In the records below, find the line holding "2016 1/10oz Gold" and the line holding "学生通过登录进入学生考勤及课". Set down both, with every line between them, exactly.

[Dataset entries]
########
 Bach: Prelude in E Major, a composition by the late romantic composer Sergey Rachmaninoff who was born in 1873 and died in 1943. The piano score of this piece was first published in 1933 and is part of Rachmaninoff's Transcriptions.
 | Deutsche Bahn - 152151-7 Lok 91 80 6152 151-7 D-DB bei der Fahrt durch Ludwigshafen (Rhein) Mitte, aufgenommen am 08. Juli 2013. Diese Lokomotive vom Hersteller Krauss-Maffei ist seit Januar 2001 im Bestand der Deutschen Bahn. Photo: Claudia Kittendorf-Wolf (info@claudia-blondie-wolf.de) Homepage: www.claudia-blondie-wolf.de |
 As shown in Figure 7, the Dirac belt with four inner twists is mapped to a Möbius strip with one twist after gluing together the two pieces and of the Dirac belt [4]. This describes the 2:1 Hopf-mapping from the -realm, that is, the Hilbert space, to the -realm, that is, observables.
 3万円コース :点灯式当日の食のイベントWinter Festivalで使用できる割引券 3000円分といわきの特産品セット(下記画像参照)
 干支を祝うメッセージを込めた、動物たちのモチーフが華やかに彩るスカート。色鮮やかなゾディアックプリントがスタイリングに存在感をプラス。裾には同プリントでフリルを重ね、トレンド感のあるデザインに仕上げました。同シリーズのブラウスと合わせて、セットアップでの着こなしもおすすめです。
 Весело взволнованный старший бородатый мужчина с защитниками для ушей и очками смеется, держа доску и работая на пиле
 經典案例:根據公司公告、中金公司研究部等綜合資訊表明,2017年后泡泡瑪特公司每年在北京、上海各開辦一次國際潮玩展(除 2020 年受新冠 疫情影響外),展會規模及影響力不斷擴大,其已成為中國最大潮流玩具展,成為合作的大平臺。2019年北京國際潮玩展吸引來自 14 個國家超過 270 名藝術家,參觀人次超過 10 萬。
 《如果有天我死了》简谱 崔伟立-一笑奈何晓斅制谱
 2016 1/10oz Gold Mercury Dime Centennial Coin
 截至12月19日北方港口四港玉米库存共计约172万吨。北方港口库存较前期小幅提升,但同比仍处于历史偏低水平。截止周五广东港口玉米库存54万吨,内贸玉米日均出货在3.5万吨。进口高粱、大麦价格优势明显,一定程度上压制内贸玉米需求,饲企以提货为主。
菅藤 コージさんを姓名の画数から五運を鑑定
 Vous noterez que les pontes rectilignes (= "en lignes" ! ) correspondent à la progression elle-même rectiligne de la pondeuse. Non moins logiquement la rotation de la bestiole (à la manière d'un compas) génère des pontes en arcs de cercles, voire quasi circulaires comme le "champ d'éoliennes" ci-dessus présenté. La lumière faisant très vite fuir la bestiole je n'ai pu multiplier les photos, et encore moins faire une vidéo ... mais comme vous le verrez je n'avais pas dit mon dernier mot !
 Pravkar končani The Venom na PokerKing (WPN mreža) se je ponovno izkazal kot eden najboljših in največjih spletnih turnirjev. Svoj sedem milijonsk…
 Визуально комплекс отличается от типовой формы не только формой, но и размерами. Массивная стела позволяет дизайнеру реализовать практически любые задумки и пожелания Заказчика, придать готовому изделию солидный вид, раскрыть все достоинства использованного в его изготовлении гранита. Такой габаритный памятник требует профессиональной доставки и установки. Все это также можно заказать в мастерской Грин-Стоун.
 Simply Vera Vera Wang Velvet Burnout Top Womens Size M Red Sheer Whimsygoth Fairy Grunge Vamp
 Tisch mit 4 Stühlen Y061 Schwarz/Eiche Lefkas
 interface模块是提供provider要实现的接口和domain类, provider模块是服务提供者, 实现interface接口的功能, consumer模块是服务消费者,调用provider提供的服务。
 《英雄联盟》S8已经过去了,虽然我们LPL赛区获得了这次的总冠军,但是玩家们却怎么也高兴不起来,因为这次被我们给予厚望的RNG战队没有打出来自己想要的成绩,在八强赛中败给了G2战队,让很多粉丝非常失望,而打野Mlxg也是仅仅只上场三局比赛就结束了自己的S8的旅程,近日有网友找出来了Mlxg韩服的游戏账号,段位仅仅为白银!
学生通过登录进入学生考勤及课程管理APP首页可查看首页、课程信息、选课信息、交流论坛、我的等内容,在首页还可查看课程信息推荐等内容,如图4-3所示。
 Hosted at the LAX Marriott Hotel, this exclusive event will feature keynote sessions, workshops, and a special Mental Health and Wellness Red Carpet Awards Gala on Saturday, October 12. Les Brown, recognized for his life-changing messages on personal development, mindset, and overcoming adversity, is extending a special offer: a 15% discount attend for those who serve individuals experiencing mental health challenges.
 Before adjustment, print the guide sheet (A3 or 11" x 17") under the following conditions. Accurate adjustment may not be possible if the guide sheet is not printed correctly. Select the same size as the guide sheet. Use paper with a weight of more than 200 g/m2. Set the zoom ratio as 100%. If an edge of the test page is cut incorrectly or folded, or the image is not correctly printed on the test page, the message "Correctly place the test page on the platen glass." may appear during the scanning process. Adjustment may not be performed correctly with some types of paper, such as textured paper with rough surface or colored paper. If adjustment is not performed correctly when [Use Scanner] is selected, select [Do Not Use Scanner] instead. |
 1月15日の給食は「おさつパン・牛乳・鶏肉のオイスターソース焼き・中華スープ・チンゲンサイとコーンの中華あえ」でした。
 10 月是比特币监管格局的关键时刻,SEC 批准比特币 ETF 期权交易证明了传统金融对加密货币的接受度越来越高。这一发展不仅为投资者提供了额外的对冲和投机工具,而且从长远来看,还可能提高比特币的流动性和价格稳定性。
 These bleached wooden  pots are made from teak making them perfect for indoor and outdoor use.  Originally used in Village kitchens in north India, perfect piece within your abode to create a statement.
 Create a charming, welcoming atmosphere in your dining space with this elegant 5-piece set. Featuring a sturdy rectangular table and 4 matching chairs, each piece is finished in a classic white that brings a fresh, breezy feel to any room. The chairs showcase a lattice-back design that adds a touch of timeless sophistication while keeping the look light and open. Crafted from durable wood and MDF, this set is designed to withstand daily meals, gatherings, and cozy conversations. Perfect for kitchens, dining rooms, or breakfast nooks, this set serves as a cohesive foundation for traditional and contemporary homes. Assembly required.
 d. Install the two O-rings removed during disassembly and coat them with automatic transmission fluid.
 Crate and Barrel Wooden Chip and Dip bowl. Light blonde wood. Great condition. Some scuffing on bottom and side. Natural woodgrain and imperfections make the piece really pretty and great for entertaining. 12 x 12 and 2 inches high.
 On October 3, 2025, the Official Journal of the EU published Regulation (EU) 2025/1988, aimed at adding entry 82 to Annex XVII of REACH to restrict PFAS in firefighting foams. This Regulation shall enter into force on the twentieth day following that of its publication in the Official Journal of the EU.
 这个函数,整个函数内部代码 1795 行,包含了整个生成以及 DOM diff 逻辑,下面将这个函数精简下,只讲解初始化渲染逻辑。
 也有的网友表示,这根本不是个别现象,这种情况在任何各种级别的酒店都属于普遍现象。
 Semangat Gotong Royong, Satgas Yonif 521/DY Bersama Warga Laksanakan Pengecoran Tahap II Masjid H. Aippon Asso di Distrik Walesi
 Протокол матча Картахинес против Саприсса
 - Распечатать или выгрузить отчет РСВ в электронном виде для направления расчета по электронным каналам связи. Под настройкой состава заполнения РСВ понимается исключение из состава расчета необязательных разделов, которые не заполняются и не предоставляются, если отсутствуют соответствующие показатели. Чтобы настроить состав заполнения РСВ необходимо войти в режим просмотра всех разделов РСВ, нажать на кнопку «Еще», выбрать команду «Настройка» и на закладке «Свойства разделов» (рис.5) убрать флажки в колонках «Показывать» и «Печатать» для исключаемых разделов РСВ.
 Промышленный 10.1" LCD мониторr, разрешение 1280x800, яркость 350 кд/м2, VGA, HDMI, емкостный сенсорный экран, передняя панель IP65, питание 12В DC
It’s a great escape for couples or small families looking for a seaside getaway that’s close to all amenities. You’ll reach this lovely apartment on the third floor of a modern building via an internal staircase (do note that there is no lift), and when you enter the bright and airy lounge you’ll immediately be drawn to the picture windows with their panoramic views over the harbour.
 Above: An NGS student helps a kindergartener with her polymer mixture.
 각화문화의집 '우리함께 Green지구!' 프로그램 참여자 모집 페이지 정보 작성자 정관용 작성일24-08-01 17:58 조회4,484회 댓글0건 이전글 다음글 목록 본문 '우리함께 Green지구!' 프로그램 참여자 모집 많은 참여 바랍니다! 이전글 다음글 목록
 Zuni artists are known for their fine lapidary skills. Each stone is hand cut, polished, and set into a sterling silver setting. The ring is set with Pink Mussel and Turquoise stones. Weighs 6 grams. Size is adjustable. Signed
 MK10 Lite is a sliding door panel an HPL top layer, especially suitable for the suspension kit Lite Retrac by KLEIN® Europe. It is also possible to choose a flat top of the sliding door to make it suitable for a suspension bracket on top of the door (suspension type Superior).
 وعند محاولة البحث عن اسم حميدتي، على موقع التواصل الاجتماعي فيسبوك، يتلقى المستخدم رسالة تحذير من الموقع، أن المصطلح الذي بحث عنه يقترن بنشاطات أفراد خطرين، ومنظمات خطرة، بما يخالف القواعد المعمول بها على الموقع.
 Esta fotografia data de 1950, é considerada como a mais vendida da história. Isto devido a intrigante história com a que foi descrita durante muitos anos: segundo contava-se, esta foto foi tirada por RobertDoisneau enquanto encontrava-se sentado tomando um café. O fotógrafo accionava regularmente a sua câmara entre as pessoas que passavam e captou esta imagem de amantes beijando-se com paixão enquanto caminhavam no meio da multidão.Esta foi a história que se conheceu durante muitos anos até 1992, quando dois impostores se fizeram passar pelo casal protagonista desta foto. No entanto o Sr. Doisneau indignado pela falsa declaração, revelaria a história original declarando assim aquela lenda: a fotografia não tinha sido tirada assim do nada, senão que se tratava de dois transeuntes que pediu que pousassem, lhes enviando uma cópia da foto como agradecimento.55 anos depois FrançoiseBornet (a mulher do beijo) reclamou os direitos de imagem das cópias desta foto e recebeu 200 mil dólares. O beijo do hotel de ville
########
**Response to the exercise**
 2016 1/10oz Gold Mercury Dime Centennial Coin
 截至12月19日北方港口四港玉米库存共计约172万吨。北方港口库存较前期小幅提升,但同比仍处于历史偏低水平。截止周五广东港口玉米库存54万吨,内贸玉米日均出货在3.5万吨。进口高粱、大麦价格优势明显,一定程度上压制内贸玉米需求,饲企以提货为主。
菅藤 コージさんを姓名の画数から五運を鑑定
 Vous noterez que les pontes rectilignes (= "en lignes" ! ) correspondent à la progression elle-même rectiligne de la pondeuse. Non moins logiquement la rotation de la bestiole (à la manière d'un compas) génère des pontes en arcs de cercles, voire quasi circulaires comme le "champ d'éoliennes" ci-dessus présenté. La lumière faisant très vite fuir la bestiole je n'ai pu multiplier les photos, et encore moins faire une vidéo ... mais comme vous le verrez je n'avais pas dit mon dernier mot !
 Pravkar končani The Venom na PokerKing (WPN mreža) se je ponovno izkazal kot eden najboljših in največjih spletnih turnirjev. Svoj sedem milijonsk…
 Визуально комплекс отличается от типовой формы не только формой, но и размерами. Массивная стела позволяет дизайнеру реализовать практически любые задумки и пожелания Заказчика, придать готовому изделию солидный вид, раскрыть все достоинства использованного в его изготовлении гранита. Такой габаритный памятник требует профессиональной доставки и установки. Все это также можно заказать в мастерской Грин-Стоун.
 Simply Vera Vera Wang Velvet Burnout Top Womens Size M Red Sheer Whimsygoth Fairy Grunge Vamp
 Tisch mit 4 Stühlen Y061 Schwarz/Eiche Lefkas
 interface模块是提供provider要实现的接口和domain类, provider模块是服务提供者, 实现interface接口的功能, consumer模块是服务消费者,调用provider提供的服务。
 《英雄联盟》S8已经过去了,虽然我们LPL赛区获得了这次的总冠军,但是玩家们却怎么也高兴不起来,因为这次被我们给予厚望的RNG战队没有打出来自己想要的成绩,在八强赛中败给了G2战队,让很多粉丝非常失望,而打野Mlxg也是仅仅只上场三局比赛就结束了自己的S8的旅程,近日有网友找出来了Mlxg韩服的游戏账号,段位仅仅为白银!
学生通过登录进入学生考勤及课程管理APP首页可查看首页、课程信息、选课信息、交流论坛、我的等内容,在首页还可查看课程信息推荐等内容,如图4-3所示。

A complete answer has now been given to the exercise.